Saturday, January 31, 2009

King Corn

I just finished watching a very interesting documentary on . . . corn. Yes, that most ubiquitous of grains has a rich and intriguing history--particularly so during the last 40 years. Ian Cheney and Curtis Ellis have produced King Corn, a thoroughly enjoyable and educational film about how corn has come to dominate the American Farm.

Without being preachy or alarmist, these two college buddies track down where corn comes from and where it goes (mostly straight into us!), all the while raising an acre of corn themselves. They discover that corn from the Midwest is used mainly to 1) feed cows or 2) make high fructose corn syrup.

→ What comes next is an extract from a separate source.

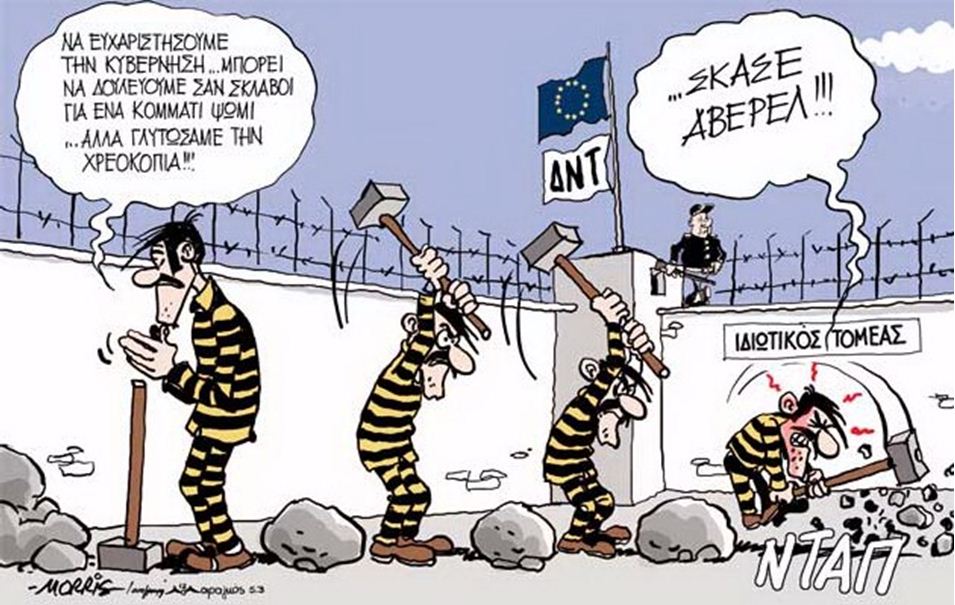 Εν τω μεταξύ τα έβαλαν για σιγουριά(!) να αγοράζουν ομόλογα του ελληνικού δημοσίου. Και όταν τα ταμεία δεν το έκαναν μόνα τους το έκανε από μόνη της η Τράπεζα της Ελλάδας. Έτσι ενώ σώζουν τις τράπεζες με τα 130 πριν και 50 τώρα δις για να σώσουν μαζί τους το τομάρι και την οικονόμα τους οι τραπεζίτες βουλιάζουν ταυτόχρονα τα ταμεία. Για να κόψουν αύριο τις συντάξεις πείνας και να τις κάνουν ελεημοσύνης. Έ, όχι λοιπόν! Θα πάτε όλοι φυλακή… Πολιτικό προσωπικό, υπουργοί και πρωθυπουργοί, πρόεδροι της ΤΕ, μέλη των ΔΣ των ταμείων που θα ψηφίσετε υπέρ του «κουρέματος» τους. Όλοι. Μηδενός εξαιρουμένου. Δεν πρόκειται να σταθεί δημοκρατική κυβέρνηση σε αυτόν τον τόπο, πολύ περισσότερο εργατική λαϊκή, αν δεν το κάνει. Το απαιτεί το δίκιο μας και θα το επιβάλουμε με κάθε μέσο. Έχουν φάει μέχρι τώρα πάνω από 100 δις που τα έδωσαν διαχρονικά στους εργοδότες. Καμιά παραγραφή δεν θα υπάρξει όσος καιρός και να περάσει!

The section on feed lots is especially disturbing. I love beef, but beef has undergone some significant changes. In the old days cows ate grass. After a few years, they were, um, . . . converted into food. Today, cows eat corn and kept inactive. They are ready to be sold in a little over 100 days. Good thing, too, because all that corn just about shuts down the average bovine digestive system and causes severe illness (70% of antibiotics in the US are consumed by cows). The meat produced by modern cows is something like 9 times as fatty as the old grass-fed cows.

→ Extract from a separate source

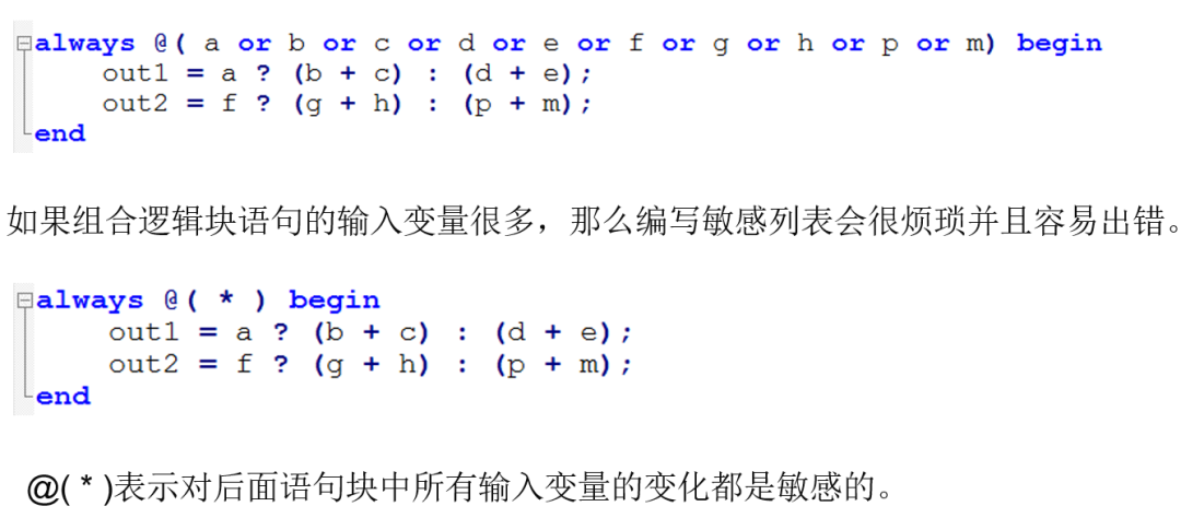 多个信号中间要用关键字or连接。always 语句后紧跟的过程块是否运行,要看它的触发条件是否满足。

Then there's corn syrup. Check out a few labels the next time you visit the grocery store or convenience mart. Nearly every packaged product contains it. Americans consume less table sugar than in decades past but far more sweeteners, overwhelmingly corn syrup.

Why do we have so much corn? I'm glad you asked. Stay focused--this is important. Before 1972, the government paid farmers NOT to grow corn. Starting in 1973 the government began paying farmers to produce record crops--we probably just had another one last year. We have mountains of corn just waiting to be dumping into the food supply. If there is such a high supply, doesn't that lower the price of corn? You betcha. Don't the farmers lose money? Every time. Then why do they keep producing more and more corn? Answer: the government pays them to in the form of subsidies (think Farm Bill, the congressman's most sacred cow).

The documentary makes the case that all this cheap, abundant corn is directly related to the modern rise in obesity and diabetes. However, the filmmakers also reveal the flip side of the coin: we now spend only about 16% of our incomes on food. This percentage used to be MUCH higher only a few decades ago. Cheap corn has lead to way to a great diversity of food products at historically low prices. It drives both prosperity and malady.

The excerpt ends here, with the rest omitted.